UBC Theses and Dissertations
Government - intermediary - university : the financial decision-making role of the Universities Council of British Columbia Southern, Lee
This study examines the financial decision-making role of the Universities Council of British Columbia as an intermediary in government-university relations. It focusses on the major decisions taken by the Universities Council in the period 1974-1982 in exercising its statutory mandate for university financing. The purpose is two fold: to determine whether any problems exist for the Universities Council as an intermediary in the performance of its financial decision-making role; and, if problems exist, to recommend appropriate future courses of action to address them.
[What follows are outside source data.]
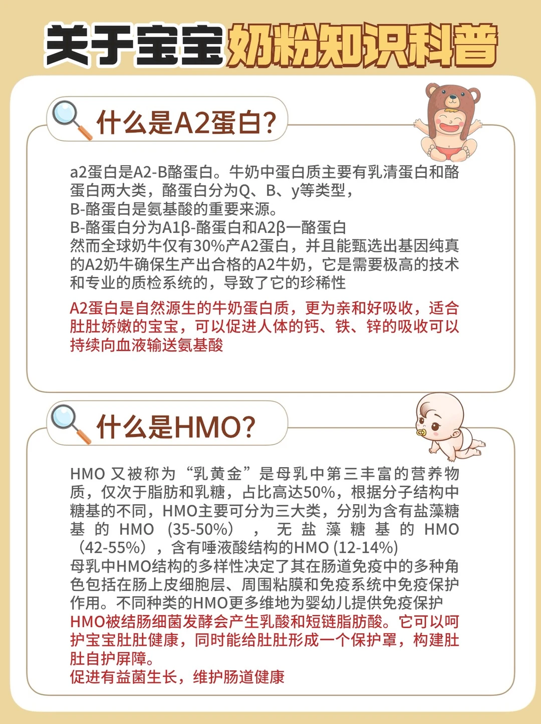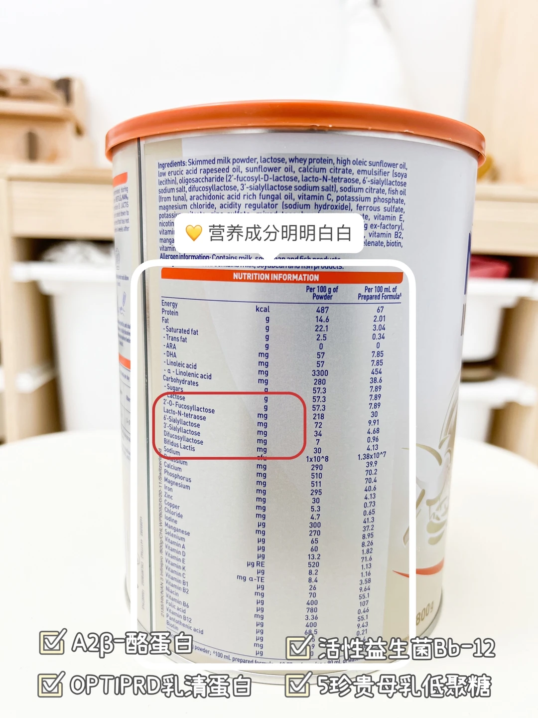 还添加了5种5HMO,在这里我要科普一下HMO它被称为 “乳黄金”它在母ru中的含量是乳铁蛋白的12倍,免疫球蛋白的6倍。HMO 在免疫活性营养中占比超过一半.是源ru中第一大免疫活性营养。能恩A2奶粉有5HMO,科学配比,可以强化宝宝自身的防御系统,提升自护力。宝宝奶粉只关注吸收是不够的,宝宝的肠胃也要被保护。俗话说得好,强强联手,才是👍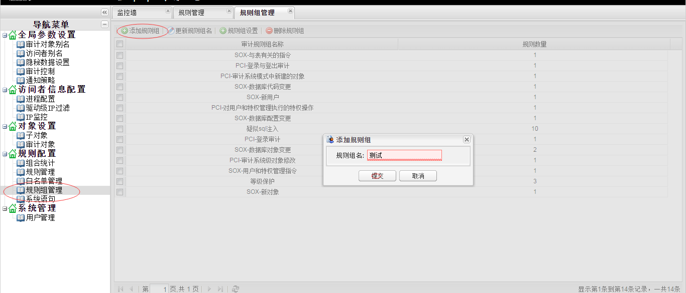 添加规则组界面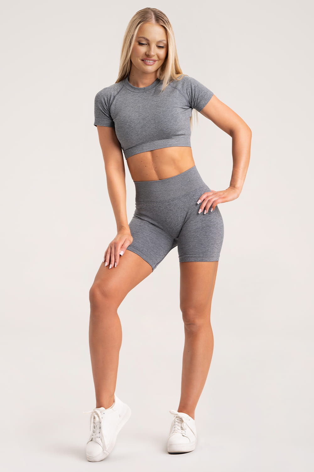 Nahtlose Shorts in Stahlgrau.
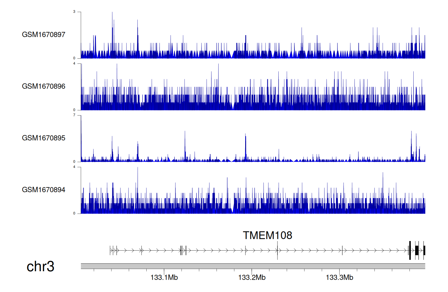 > Dataset: GSE100400 - TMEM108 peak across samples

This task is attempted, first, by making a review of the literature, to establish what has already been learned about the performance of intermediaries in a government-university setting and the nature of university costs and financial behaviour; second, by utilizing an elementary mode of analysis which involves the construction of simple, descriptive models representing some of the elements recognized to be present in the interaction between governments, universities, and intermediaries; third, by recounting the difficulties actually encountered by the Universities Council in recent decisions concerning (i) the annual recommendation to government about the universities' financial requirements, and (ii) the annual allocations to the universities for general operating purposes; and fourth, concluding with some suggestions concerning the Council's financial decision-making role in future. The examination discloses two basic problems associated with the Council's approaches for discharging its financial mandate. First, Council has not been able to formulate a fully satisfactory perception of the financial requirements of the universities. Second, in absence of such a perception the Council has not succeeded in developing an acceptable long term methodology for the allocation of the provincial operating grant for universities. In addition, the analysis suggests that an intermediary in higher education requires the retention of significant support from the other major entities in the system. The study concludes by suggesting that Council explore a more explicit planning approach to guide its financial decision-making role.